When Emma Smith, professor of Shakespeare studies at Oxford University was contacted about a possible unrecorded copy of William Shakespeare’s First Folio being discovered in a country house in Scotland, BBC News reports that her response was blunt: “Like hell they have.”
So what is the First Folio and why all the fuss?
In 1623, a few years after Shakespeare’s death, 36 of his plays were compiled into a collection known as the First Folio, of which there are only 234 documented copies in the world still in existence. Plays like Twelfth Night, Julius Caesar, The Tempest, As You Like It, and Macbeth are all included in the Folio; it’s the first time that these works were published.

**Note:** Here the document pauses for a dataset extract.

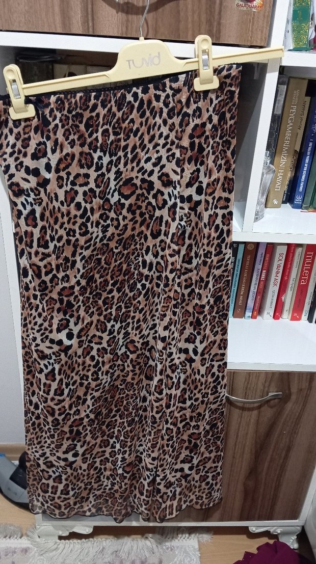 Koyu kahverengi leopar desenli, drapeli ve vücuda oturan uzun etek, yumuşak sentetik kumaştan. Bohem ve retro sokak stiline uygun.

Coming across new Folios is so rare, hence Smith’s above response. Upon viewing the three-volume collection for herself at the library at Mount Stuart, a manor on the Isle of Bute in Scotland, Smith found they were genuine.
They’ve been in the mansion’s library since 1896 and according to Smith, this copy previously belonged to Isaac Reed, an influential London editor from the18th-Century who acquired it in 1786.
The last time a First Folio was discovered was in 2014 in a Jesuit college in Saint-Omer in Northern France.
In 1623 the first Folio sold for approximately 1 British Pound (the equivalent of today’s100 British Pounds). In 1807, another copy sold for 38 British Pounds. In 2003 a copy owned by Oxford University sold for 3.5 million British Pounds.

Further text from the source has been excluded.